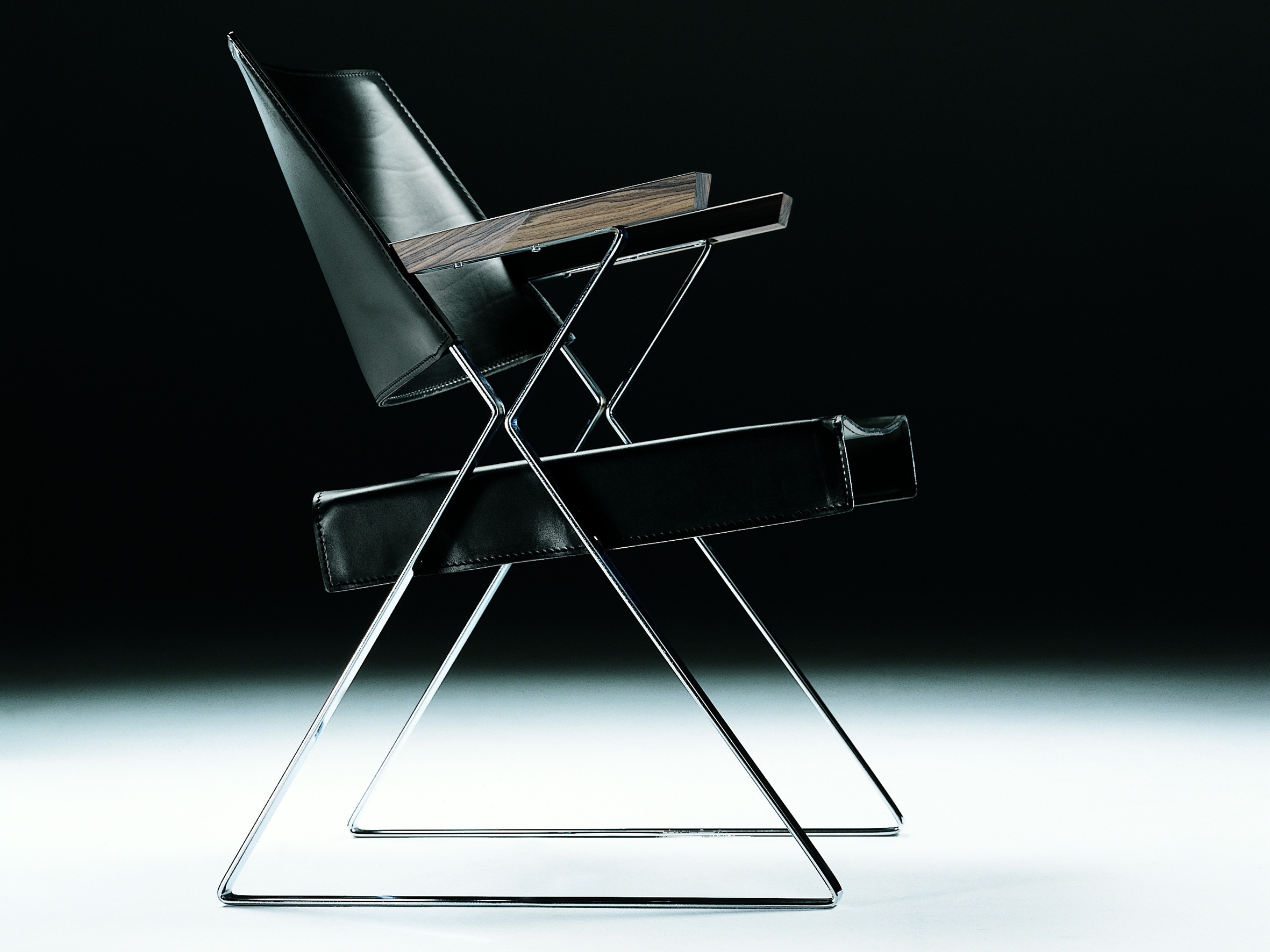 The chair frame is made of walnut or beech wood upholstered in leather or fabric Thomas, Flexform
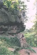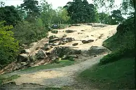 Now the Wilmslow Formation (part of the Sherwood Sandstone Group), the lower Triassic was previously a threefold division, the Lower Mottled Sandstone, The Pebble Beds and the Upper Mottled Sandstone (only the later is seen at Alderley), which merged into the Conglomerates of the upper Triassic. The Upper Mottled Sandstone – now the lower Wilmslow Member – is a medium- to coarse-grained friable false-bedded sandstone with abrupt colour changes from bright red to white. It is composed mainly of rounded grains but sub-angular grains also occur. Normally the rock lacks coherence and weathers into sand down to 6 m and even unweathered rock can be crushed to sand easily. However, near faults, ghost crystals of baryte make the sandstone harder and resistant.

________________________

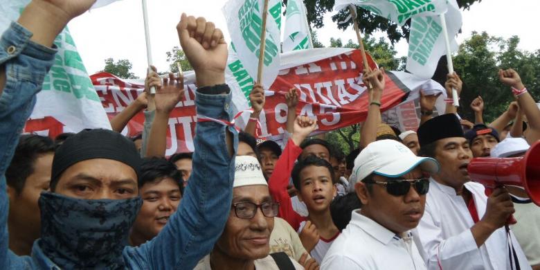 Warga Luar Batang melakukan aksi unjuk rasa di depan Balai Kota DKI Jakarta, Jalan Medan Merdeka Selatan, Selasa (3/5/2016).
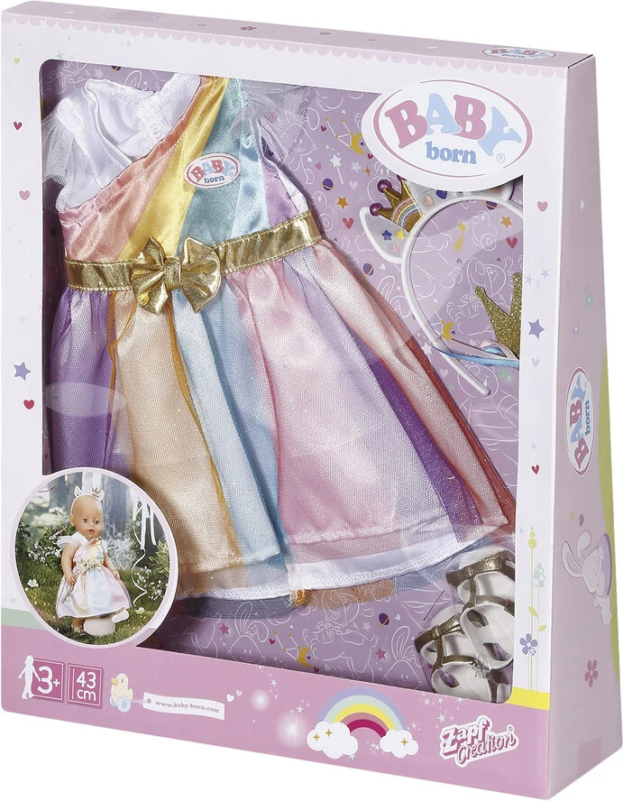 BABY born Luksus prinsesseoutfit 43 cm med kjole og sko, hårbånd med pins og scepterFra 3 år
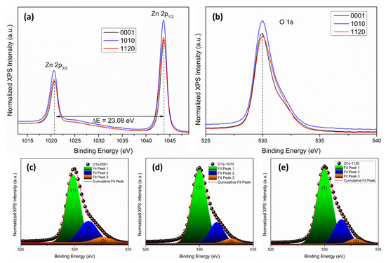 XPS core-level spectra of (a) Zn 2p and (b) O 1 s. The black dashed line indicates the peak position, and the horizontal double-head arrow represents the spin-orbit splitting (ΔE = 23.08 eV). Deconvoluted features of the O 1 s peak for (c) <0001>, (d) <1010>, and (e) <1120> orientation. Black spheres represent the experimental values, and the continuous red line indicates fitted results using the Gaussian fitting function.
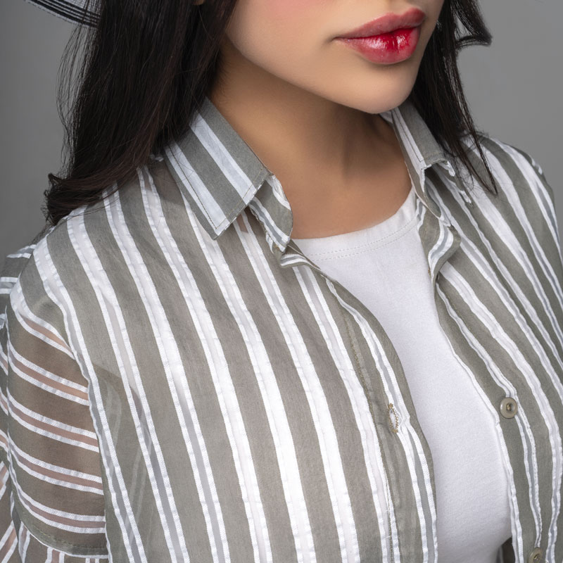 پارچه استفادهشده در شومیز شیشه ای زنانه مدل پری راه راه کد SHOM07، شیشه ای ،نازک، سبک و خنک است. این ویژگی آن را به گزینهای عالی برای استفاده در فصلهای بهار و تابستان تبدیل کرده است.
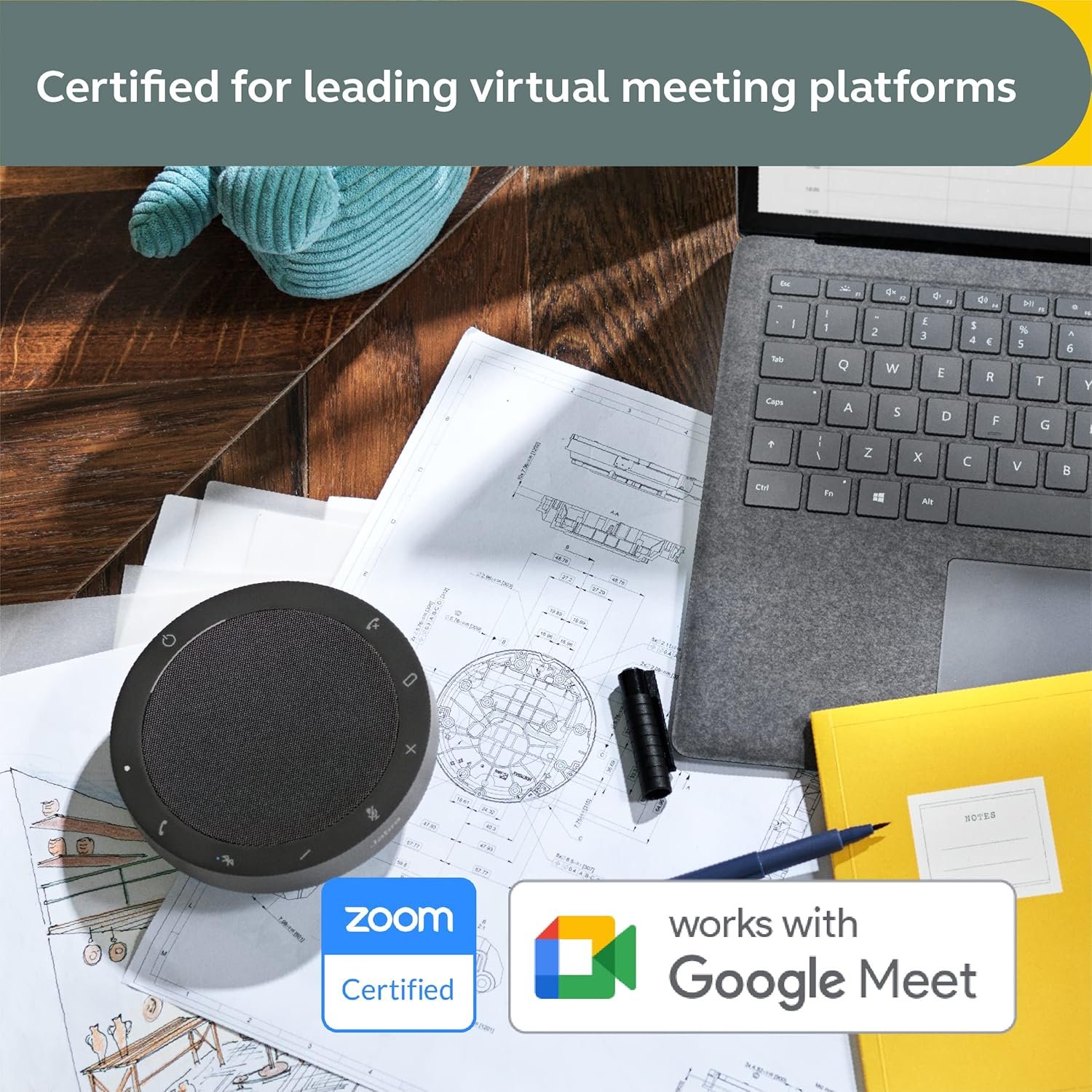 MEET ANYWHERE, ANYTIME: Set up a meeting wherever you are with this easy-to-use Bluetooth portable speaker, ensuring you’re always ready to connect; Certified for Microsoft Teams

________________________

Goal of the exercise ▸
Above are the records. Copy only the lines from the one with "The chair frame" through the one with "Now the Wilmslow", exactly, with no pictures.

Solved exercise ▸
 The chair frame is made of walnut or beech wood upholstered in leather or fabric Thomas, Flexform
 Now the Wilmslow Formation (part of the Sherwood Sandstone Group), the lower Triassic was previously a threefold division, the Lower Mottled Sandstone, The Pebble Beds and the Upper Mottled Sandstone (only the later is seen at Alderley), which merged into the Conglomerates of the upper Triassic. The Upper Mottled Sandstone – now the lower Wilmslow Member – is a medium- to coarse-grained friable false-bedded sandstone with abrupt colour changes from bright red to white. It is composed mainly of rounded grains but sub-angular grains also occur. Normally the rock lacks coherence and weathers into sand down to 6 m and even unweathered rock can be crushed to sand easily. However, near faults, ghost crystals of baryte make the sandstone harder and resistant.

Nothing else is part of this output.